Ukrainian President Volodymyr Zelensky speaks to CNN’s Wolf Blitzer during an interview on Tuesday, September 19, in New York. CNN
Ukrainian President Volodymyr Zelensky urged Donald Trump to share his peace plans publicly if the former US president has a way to end the war between Ukraine and Russia ¸— but he cautioned that any peace plan under which Kyiv gives up territory would be unacceptable.
“So (if) the idea is how to take the part of our territory and to give (Russian President Vladimir) Putin, that is not the peace formula,” Zelensky told CNN’s Wolf Blitzer, following his speech at the United Nations General Assembly.
Trump, during a CNN’s town hall in May, declined to say who should prevail in Russia’s war against Ukraine, instead saying he wanted the bloodshed to end. “And I’ll have that done in 24 hours.”
Pressed Sunday on NBC’s “Meet the Press” about whether the deal would let Putin keep the land he’s taken, Trump said, “No, no.

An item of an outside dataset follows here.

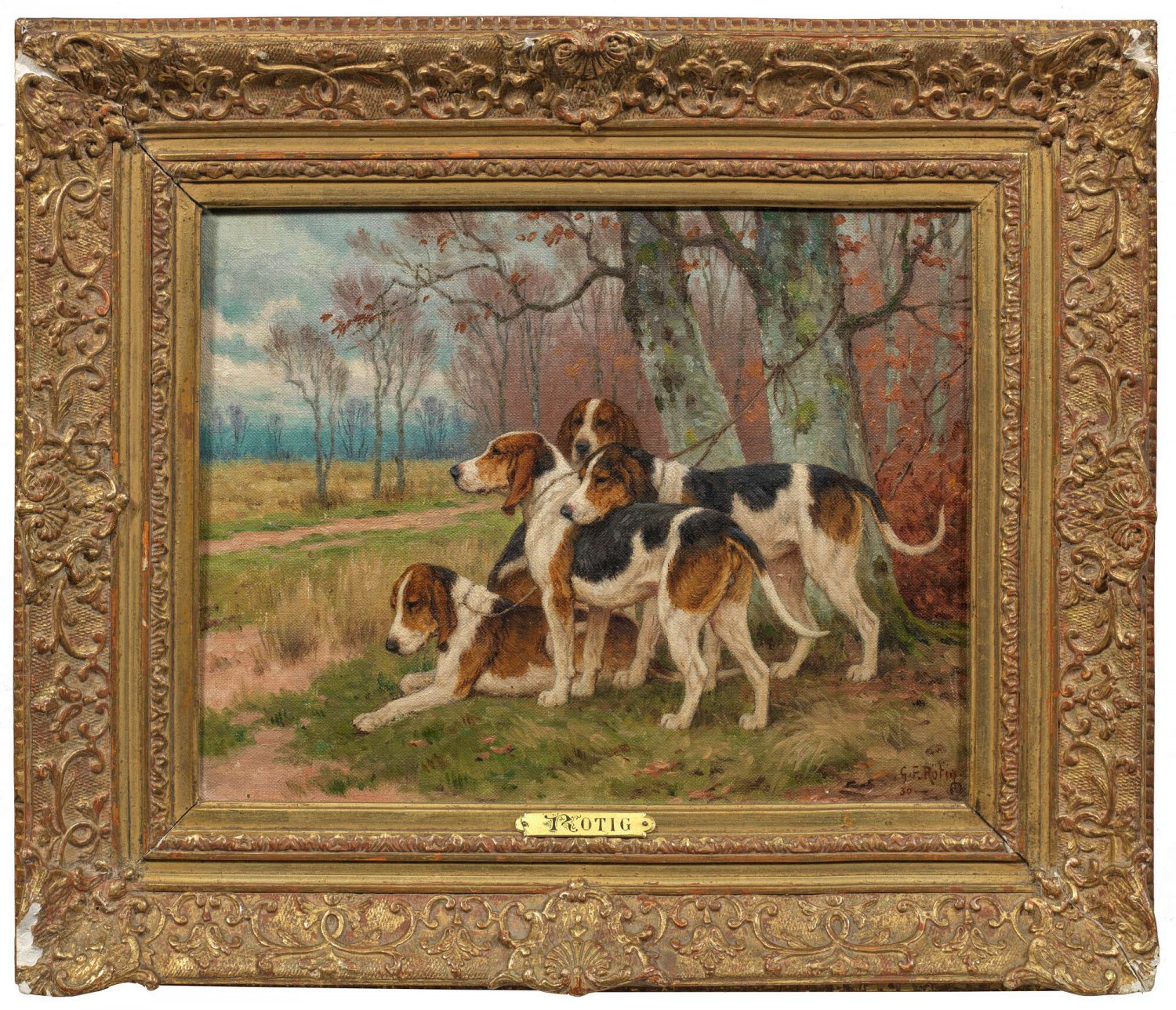 Lebendige Schilderung der Hunde in weiter, baumbestandener, herbstlich gestimmter Landschaft. Realistisches, naturnahes Werk des bekannten Tiermalers. Rötig studierte an der École des Beaux-Arts in Paris bei Benjamin Constant, Georges Lefebvre und Jean Paul Laurens. 1894 debütierte er auf dem Salon des Artistes Français, wo er 1902 und 1904 mit Medaillen ausgezeichnet wurde. 1913 erhielt er zudem den Prix Rosa Bonheur. Öl/Lwd.; R. u. sign. u. dat. (19)30. 27 cm x 35 cm. Rahmen.

I’d make a fair deal for everybody. Nope, I’d make it fair.”
Trump, asked at the time whether it would be a win for Putin, said, “You know, that’s something that could have been negotiated. Because there were certain parts, Crimea and other parts of the country, that a lot of people expected could happen. You could have made a deal. So they could have made a deal where there’s lesser territory right now than Russia’s already taken, to be honest.”
Zelensky’s trip to the United Nations comes as Ukraine is facing its stiffest headwinds in the US to date over support for the war.
A faction of the House GOP conference is openly hostile to providing Ukraine with any additional military aid, and it remains unclear whether House Speaker Kevin McCarthy will be willing to sign off on more funding.
Zelensky said he’s planning to meet with McCarthy when he travels to Washington, DC, later this week. He is also scheduled to meet with US President Joe Biden during his trip.
Asked about those skeptical of offering more funding to Ukraine, Zelensky said that it was difficult for those who have not seen war up close to compare domestic problems like civil rights or energy to the existential threat facing a country under attack.
“It’s so difficult to understand when you are in war, and when you are not in war,” Zelensky said.